===== Raw data =====
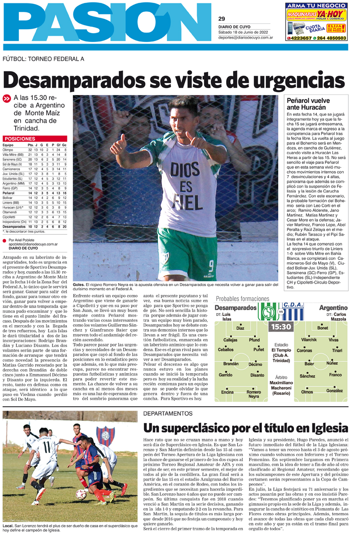 Diario de Cuyo | HOME | Noticias Tapa Pasión 18 de Junio del 2022 Por Redacción Diario de Cuyo 17/06/2022 · 0:00 Escuchar la noticia Escuchar la noticia Your browser doesn’t support HTML5 audio Ver los comentarios ›
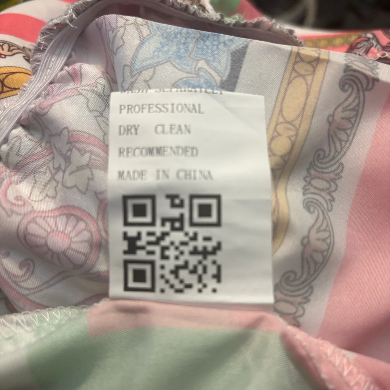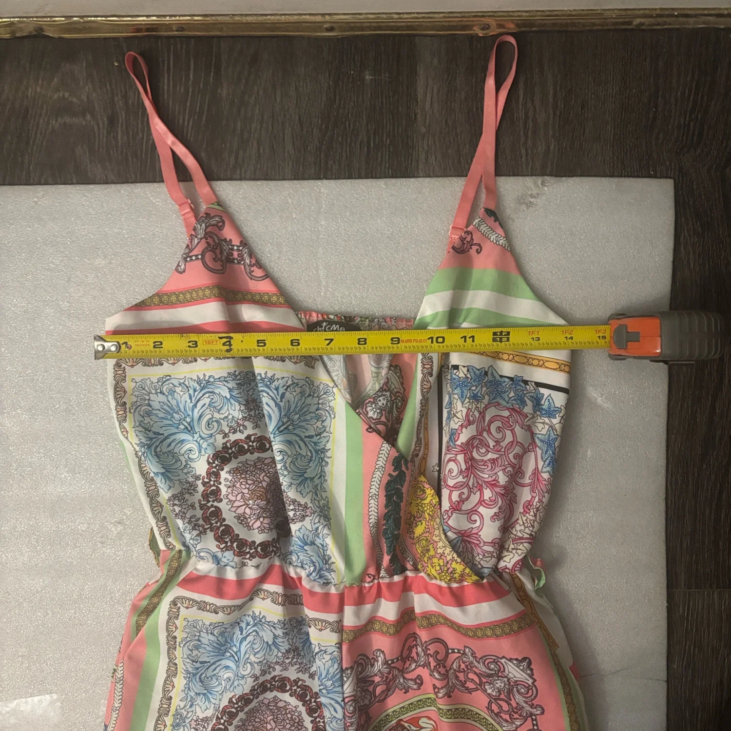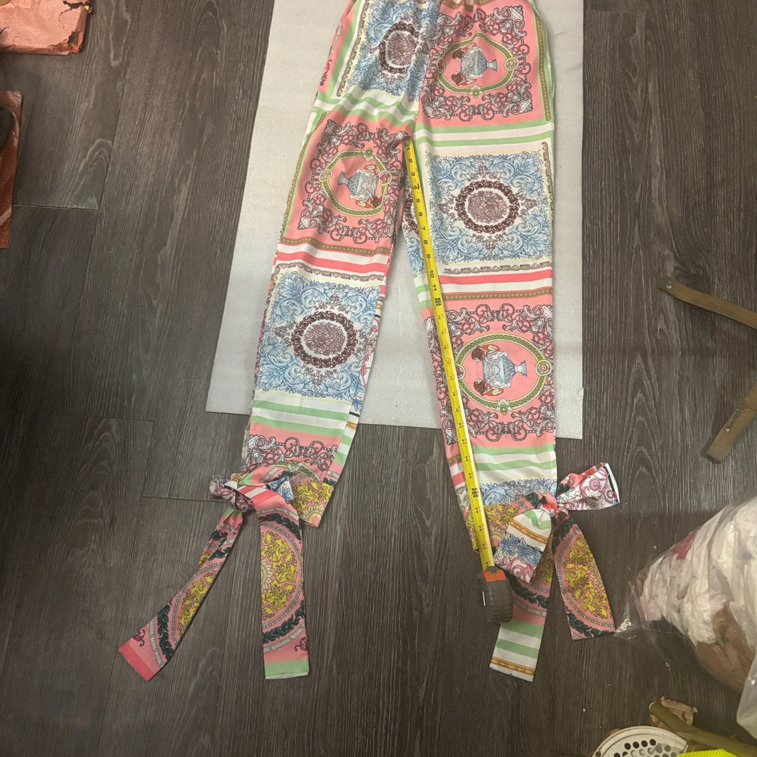Style: V- Neck, two pocket, ankle tie Color: Multicolor Size: S Armpit: 14" Waist: 12" Length: 27" 35% Cotton 65% Polyester Dry clean recomended
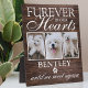 Plaque de photo de mémorial d'animal de compagnie rustique avec un fond à effet bois, 3 photographies de votre chien ou chat bien-aimé, la phrase "à tout jamais dans nos cœurs", le nom de votre animal de compagnie, une empreinte de patte blanche et la phrase de sympathie "jusqu'à ce que nous nous retrouvions".
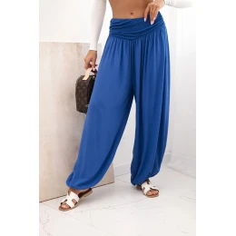 Tieto výnimočné dámske nohavice so širokými nohavicami a jemným riasením sú ideálnou voľbou na každodenné nosenie a iné príležitosti. Sú vyrobené zo 100 % mäkkej viskózy, ktorá zaručuje ľahkosť a pohodlie aj počas teplejších dní. Elastický pás poskytuje pohodlie a dokonalé prispôsobenie, zatiaľ čo voľný strih umožňuje voľnosť pohybu a moderný vzhľad. Model zakončený elastickou nohavicou v spodnej časti nohavíc dodáva nohaviciam jedinečný charakter a jemne zvýrazňuje postavu. Skvelá voľba na prechádzku, nákupy alebo relax v pohodlí domova. Vďaka jednoduchému strihu a neutrálnym farbám ich ľahko zladíte s rôznymi štýlmi - od športového až po ležérny. Veľkosť je univerzálna a bude vyhovovať ženám vo veľkosti S, M alebo L.
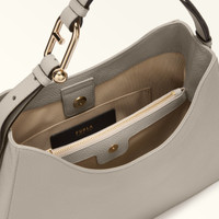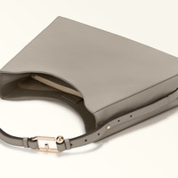 This stylish Furla Nuvola hobo bag boasts geometric lines and a delicate design. Maxi-sized, it is made from soft textured leather. The wide, spacious interior features two compartments with a magnetic fastening, and a zipped central pocket for perfect organisation of your personal items. The removable, adjustable handle is embellished with unique Arcosfera hardware, combining the iconic Furla Arch logo with the brand's original spherical hallmark. - Stud buttons on the side for adjusting the handle - Furla logo punched on the back Details Interior Details: 1 Zipped Divider 2 Compartments Flat Open Pockets Exterior Details: Furla Punched Logo/Single Handle Material: Grained Calf Leather Strap information: Removable/adjustable leather strap Closure: Magnet Closure Hardware: Furla Arch Ring Cufflinks For Regolation Product Code: WB01246HSF0001007VAN00 Plating: Gold Dimensions in INCH 15,35 x 10,63 x 3,94 (w x h x d)
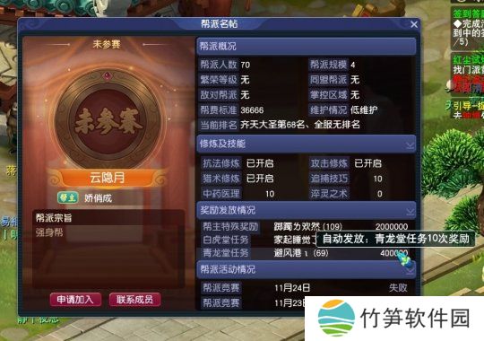 在帮派发展方面,开启了攻击,抗法,猎术三项修炼内容;主研究技能为强身术;与此同时,参与青龙堂,跑商等任务也能获得一定的帮派补助奖励。
=====
**Activity**
From the first line of the entries above through the line with "Style: V- Neck, two", set down each line exactly and drop the pictures.

**Answer space**
 Diario de Cuyo | HOME | Noticias Tapa Pasión 18 de Junio del 2022 Por Redacción Diario de Cuyo 17/06/2022 · 0:00 Escuchar la noticia Escuchar la noticia Your browser doesn’t support HTML5 audio Ver los comentarios ›
Style: V- Neck, two pocket, ankle tie Color: Multicolor Size: S Armpit: 14" Waist: 12" Length: 27" 35% Cotton 65% Polyester Dry clean recomended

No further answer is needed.